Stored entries
######
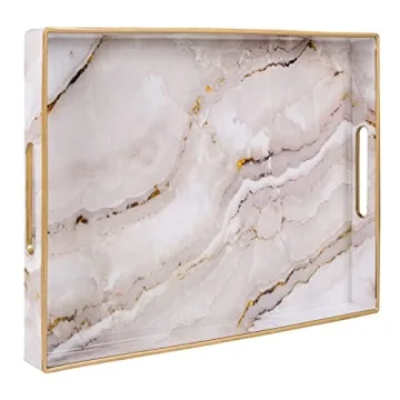 MAONAME Plastic Decorative Tray - Premium Marbling Design with Handles
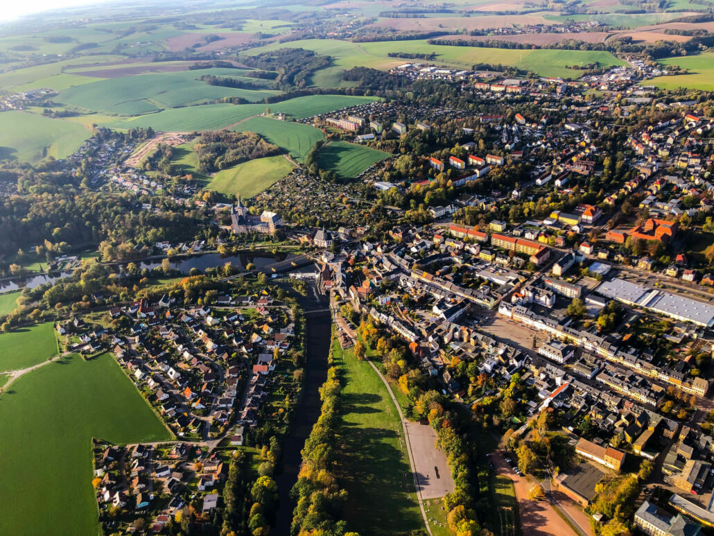 Einige Kilometer danach erreichen wir unseren Wendepunkt, den Zusammenfluss von Zwickauer Mulde und Freiberger Mulde. Zurück geht es dann an Geithain, Kohren-Sahlis und der Burg Gnandstein vorbei zur Landung in Altenburg-Nobitz.
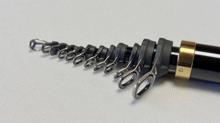 普通に考えれば「穂先と#2の継ぎ部分にウルトラASDを搭載している」と思うはず。しかし、私は穂先のソリッド部分とチューブラ部分との継目にウルトラASDを搭載しているのでは?と推測しています。
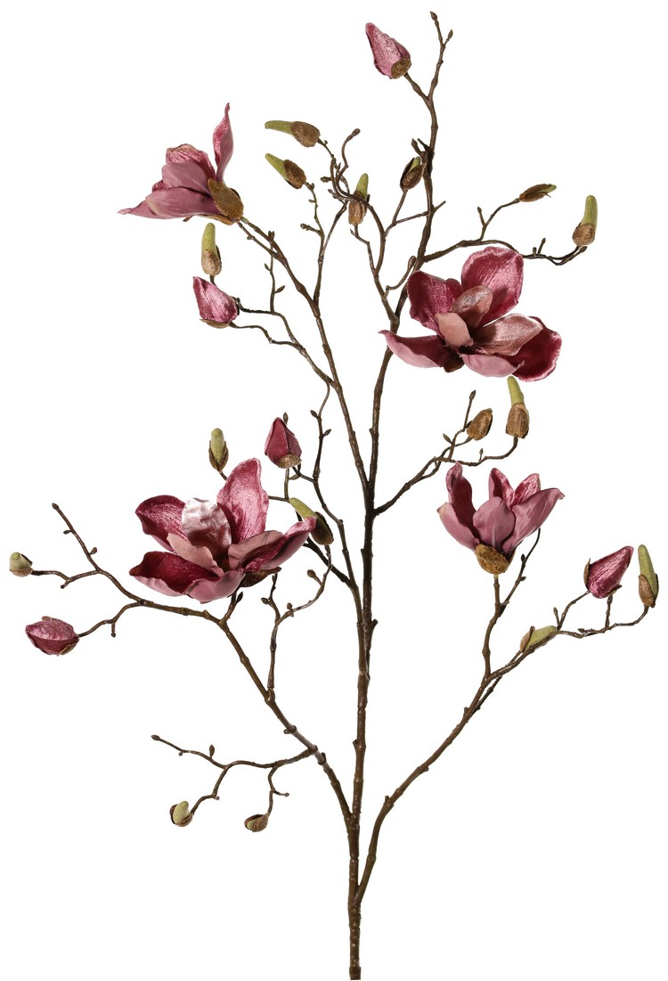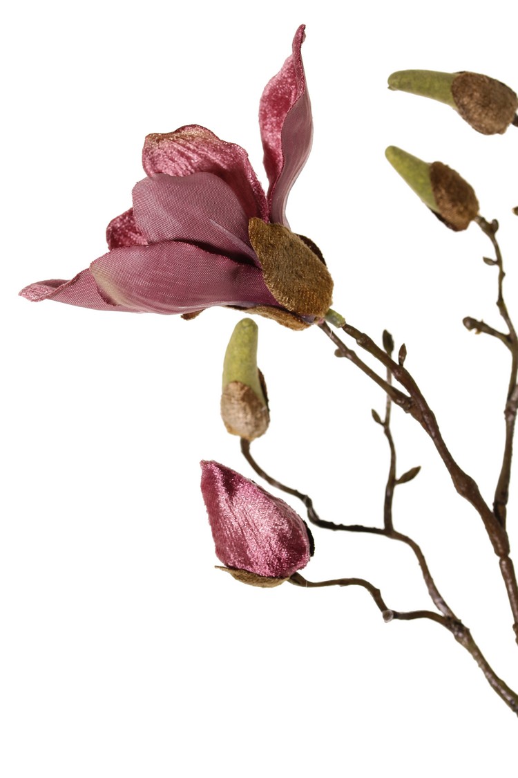 Rama de magnolia, 5 ramas, 4 flores, 5 capullos grandes, 17 capullos pequeños, 107 cm
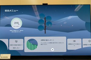 従来モデルから搭載されている「ECOメニュー」では、省電力設定や明るさセンサーの調整が手軽に操作できる仕様になっていたが、新しく消費電力をリアルタイムで可視化できるようになったほか、年次/月次/週次/日時で使用電力量を確認できるようになっている。
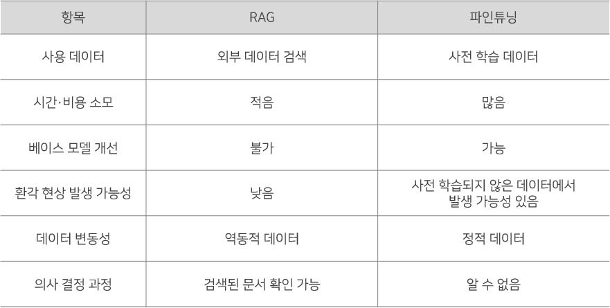 [표 1] RAG와 파인튜닝 비교 (출처: Skelter Labs, 재구성: 이글루코퍼레이션)
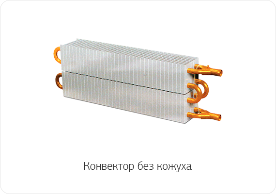 Конвектор изготовлен в виде трубки (как правило, медной или стальной) прямой или чаще змеевидной формы с многочисленными поперечными пластинами (стальными, алюминиевыми или медными). Кожух декорирует нагреватель и способствует повышению скорости естественной конвекции воздуха у внешней поверхности нагревателя. К конвекторам относятся также плинтусные отопительные приборы без кожуха. Могут применяться также системы контроля для автоматического отключения конвектора при достижении заданной пользователем температуры или при затрудненном оттоке воздуха (например, в случае перекрытия выходных жалюзи).
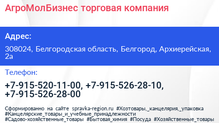 АгроМолБизнес, торговая компания по адресу 308024, Белгородская область, Белгород, Архиерейская, 2а в дальнейшем Организация, размещена в следующих категориях:
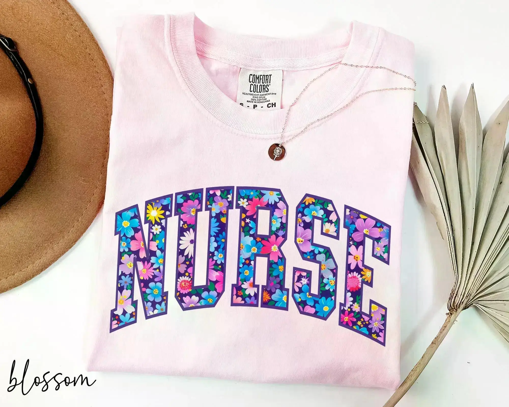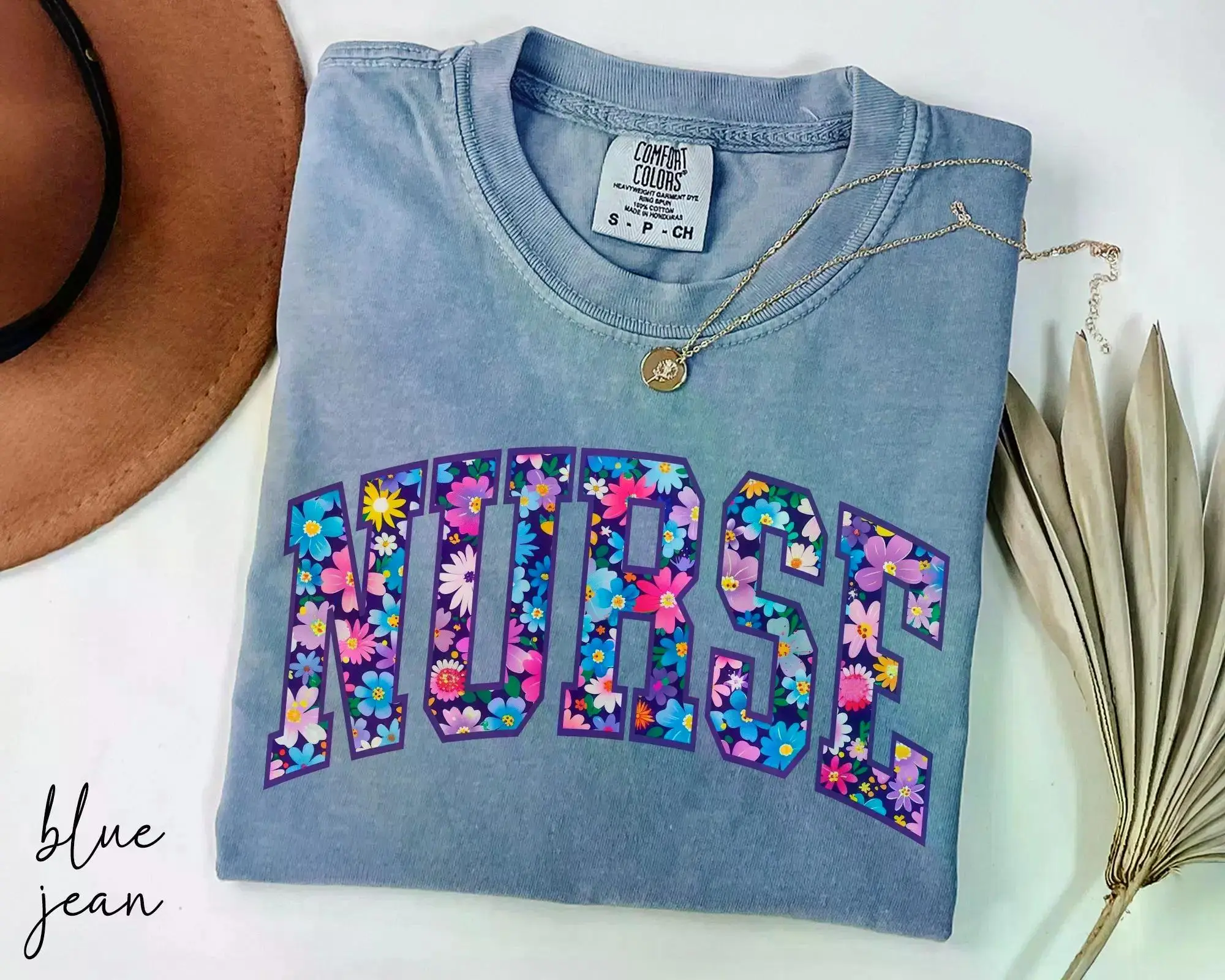 Comfort Colors Floral Nurse T-Shirt, RN Graphic Tee, Nursing School Shirt, Nurse Graduation Gift, New Nurse Appreciation Tee
######
● **Work task**
Among the entries above, take the line with "Rama de magnolia, 5", the line with "[표 1] RAG와 파인튜닝", and all the lines between them, and restate them word for word without pictures.

● **Solution**
 Rama de magnolia, 5 ramas, 4 flores, 5 capullos grandes, 17 capullos pequeños, 107 cm
 従来モデルから搭載されている「ECOメニュー」では、省電力設定や明るさセンサーの調整が手軽に操作できる仕様になっていたが、新しく消費電力をリアルタイムで可視化できるようになったほか、年次/月次/週次/日時で使用電力量を確認できるようになっている。
 [표 1] RAG와 파인튜닝 비교 (출처: Skelter Labs, 재구성: 이글루코퍼레이션)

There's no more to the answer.